This chart represents the first defined quantitative link between distributions of wavelengths in the electromagnetic visible spectrum, and physiologically perceived colors in human color vision. Or basically, the range of color a typical human eye can perceive through visible light.
Note that while the human perception is quite wide, and generally speaking biased towards greens (we are apes after all), the amount of colors available through nature, generated through light reflection, tend to be a much smaller section. This is defined by the Pointer’s Chart.
In short. Color gamut is a representation of color coverage, used to describe data stored in images against available hardware and viewer technologies.
The CIE 1931 standard has been replaced by a CIE 1976 standard. Below we can see the significance of this.
People have observed that the biggest issue with CIE 1931 is the lack of uniformity with chromaticity, the three dimension color space in rectangular coordinates is not visually uniformed.
The CIE 1976 (also called CIELUV) was created by the CIE in 1976. It was put forward in an attempt to provide a more uniform color spacing than CIE 1931 for colors at approximately the same luminance
The CIE 1976 standard colour space is more linear and variations in perceived colour between different people has also been reduced. The disproportionately large green-turquoise area in CIE 1931, which cannot be generated with existing computer screens, has been reduced.

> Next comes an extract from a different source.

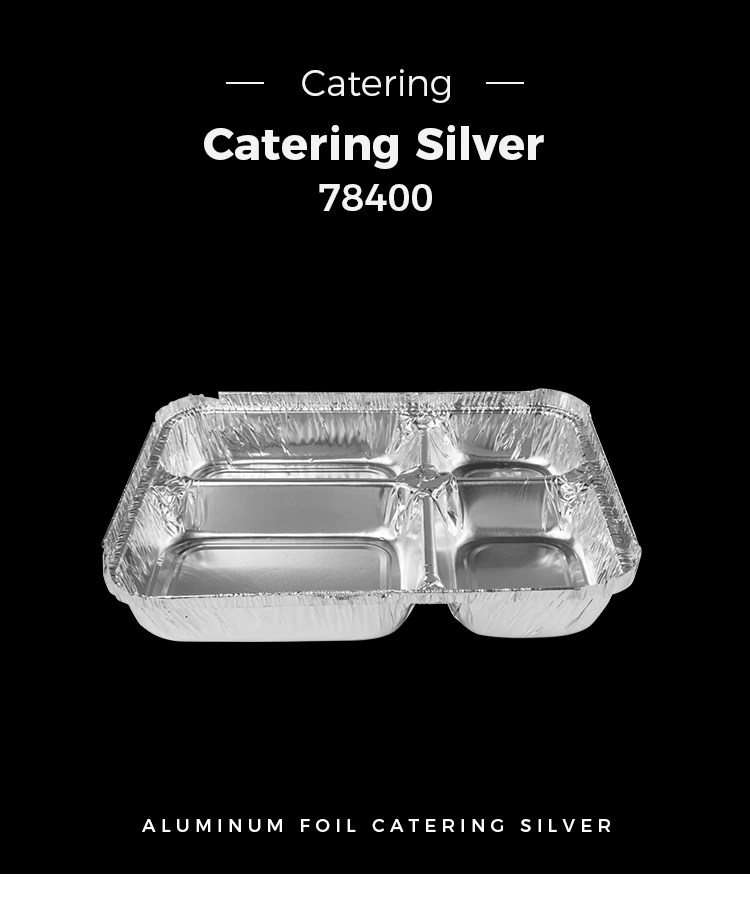 Kilang Bekalan Foil Yunchu Aluminium melancarkan bekas pembekuan makanan cepat sisik yang boleh dibuang baru, nombor 78400. (1.6 in). Dengan kapasiti kira -kira 1020 ml (36.0 oz), ia adalah mudah dan praktikal untuk memegang pelbagai makanan dalam empat petak.

If we move from CIE 1931 to the CIE 1976 standard colour space we can see that the improvements made in the gamut for the “new” iPad screen (as compared to the “old” iPad 2) are more evident in the CIE 1976 colour space than in the CIE 1931 colour space, particularly in the blues from aqua to deep blue.
Despite its age, CIE 1931, named for the year of its adoption, remains a well-worn and familiar shorthand throughout the display industry. CIE 1931 is the primary language of customers. When a customer says that their current display “can do 72% of NTSC,” they implicitly mean 72% of NTSC 1953 color gamut as mapped against CIE 1931.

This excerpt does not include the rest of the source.